With ‘All Hallows Eve’ rapidly approaching, Liz McIvor our Curator of Social History & Technology was inspired to write a suitably themed post, looking at folk traditions and superstitions relating to the ‘undead’.
She writes:
Going through boxes of paper ephemera in storage recently and finding a press cutting from the Bradford Daily Telegraph (later to become part of the Telegraph and Argus), I encountered a snippet on the ‘burial at stake’ of a body at the ‘Bradford Crossroads’. The story written in the 1920’s was a piece of reminiscence journalism about ‘days gone by’ and referred to a contemporary account of a person having been interred in such a manner in the city centre in the early 1800’s.
By 1823 an act of parliament had been passed to ban the practice of ‘crossroad’ burial in Britain. This involved pinning a body upright in a deep hole with a wooden stake, and according to folk magic belief, this would prevent a distressed and unbalanced earth-bound spirit from becoming reanimated and roaming around the world of the living. The stakes in question are not the small hand-held ones seen in current films and tv shows, but more like large fence posts!

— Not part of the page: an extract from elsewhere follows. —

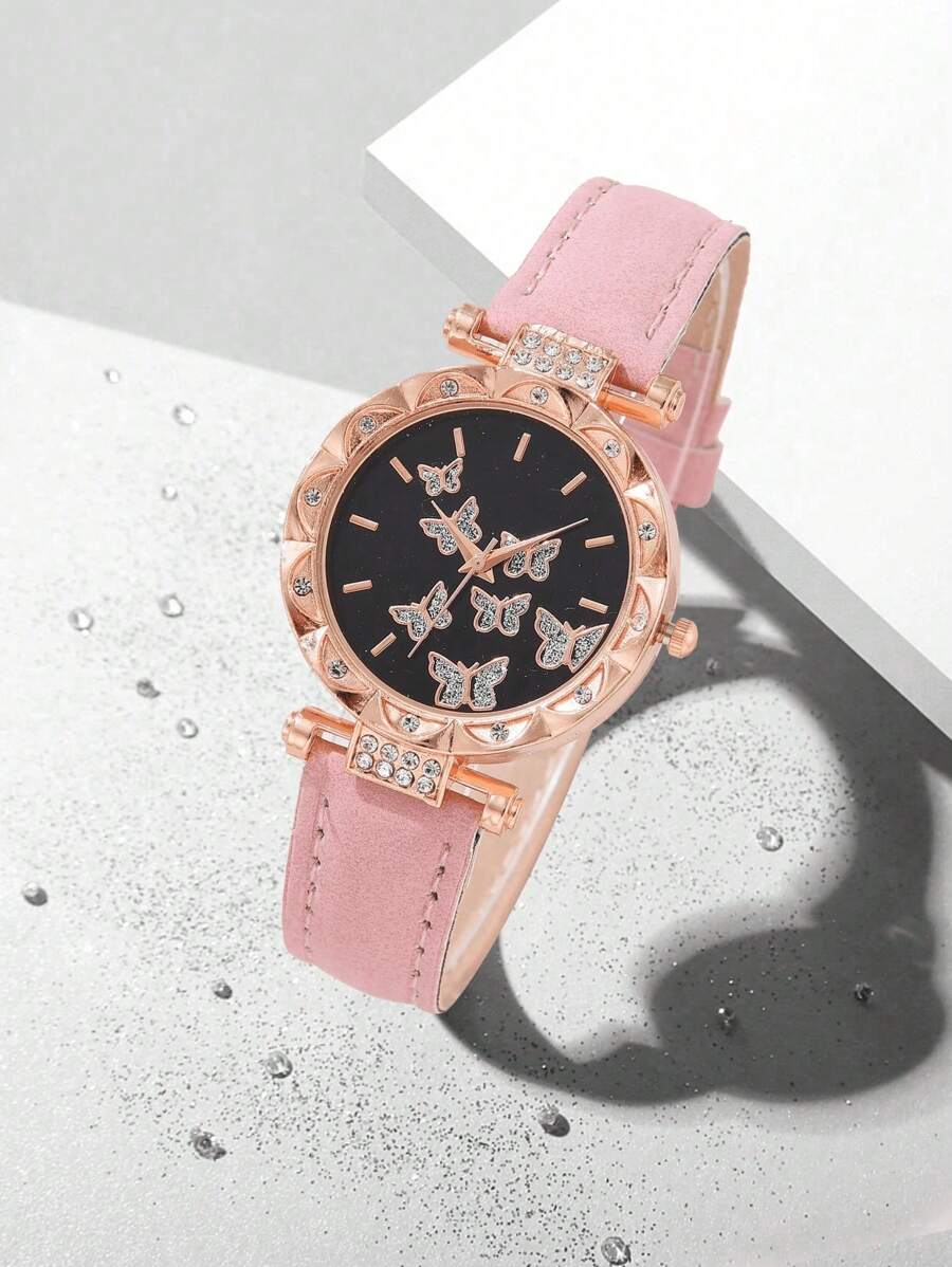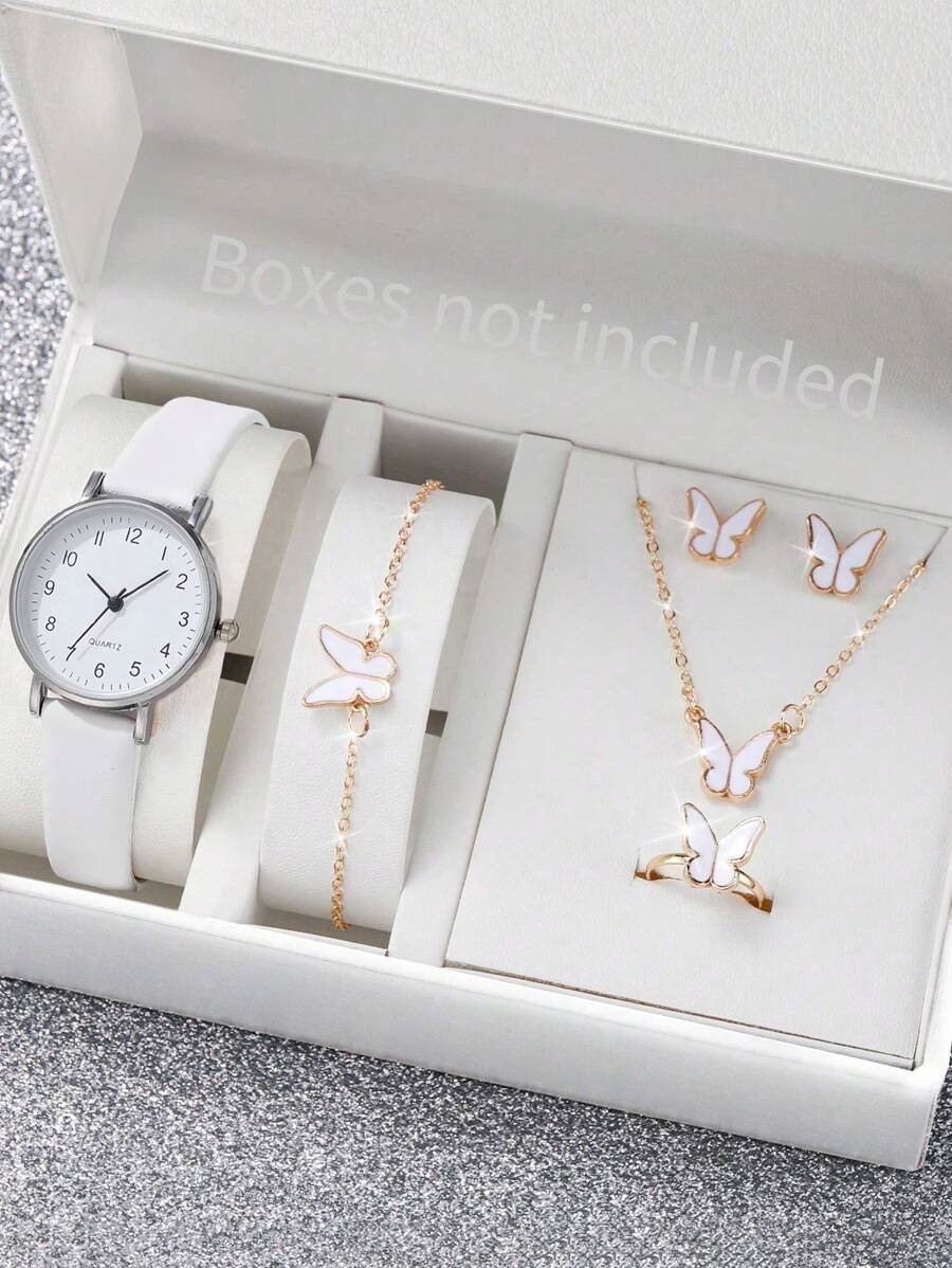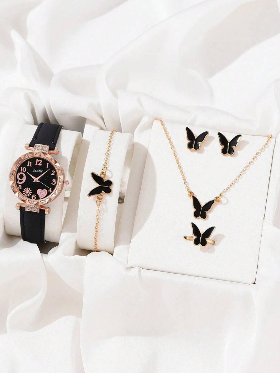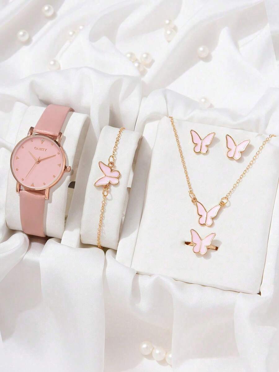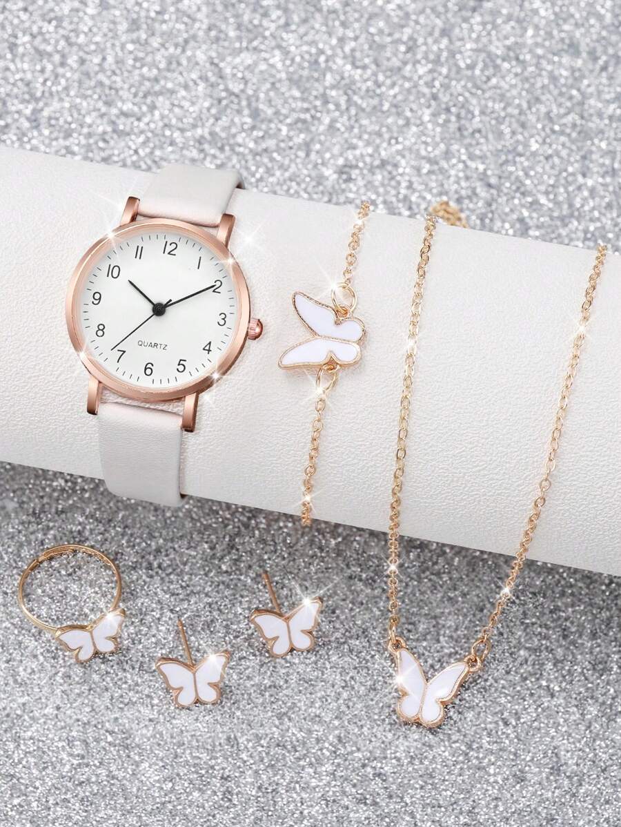 6pcs Cute Fashion Watch Set for Girls | Quartz Wrist Watches with Butterfly Design (Ages 3–14)

Should staking the body not stop the spirit ‘walking, then locating the burial at a Cross roads were thought to be a confusing so that a spirit would not know which way to take to return home.
Those who had taken their own lives were not buried according to Christian ritual and could not be interred in churchyards because suicide was held to be unlawful and was termed ‘self murder’. Due to the fact that many citizens could be devout Christians and at the same time have a strong sense of belief in the supernatural, there are similar tales from all over the country and a widespread everyday use of charms and spells again evil spirits and malevolent forces.
Traditionally, scaffolds and gibbets had been placed at a crossroads to indicate to strangers that the law held sway and discourage criminal behaviour but also to ‘cast out’ those who had acted contrary to their community.
By the later 1700’s rapid growth and movement of population due to the Industrial revolution meant that rural communities and practices for those who were ‘outside the law’ continued to operate in what were becoming busy, crowded places.
Bradford’s population alone grew by 100,000 in just fifty years, turning it from a small semi rural market town into an overcrowded bustling city full of new factories, roads and houses. Practices like crossroad burial were no longer local affairs and even George III complained about such macabre events along the roadside making the country look uncivilized and holding up traffic.
The individuals buried in this way are usually lost to history as their names do not usually appear in church registers. Occasionally they remain as a ‘folk memory’. In his 1886 history of Keighley, John Clough reflected on a Steeton crossroads burial of a ‘Nanny’ as being an old story from where the name Nanny Hill or Nan Hill came. ‘Goldsmith’s Grave’ in Halifax stems from a similar story of the burial of a suicide who died in the 16th century.
A number of records mention such burials back to the Norman Conquest and they occur up and down the country, although many sites are now built over and remain heavily populated. The Bradford site was never investigated but the journalist made comment that nothing ‘untoward had been knowingly discovered during the digging of the tramlines by the corporation’ and ventured a guess that such remains might ‘be there yet’.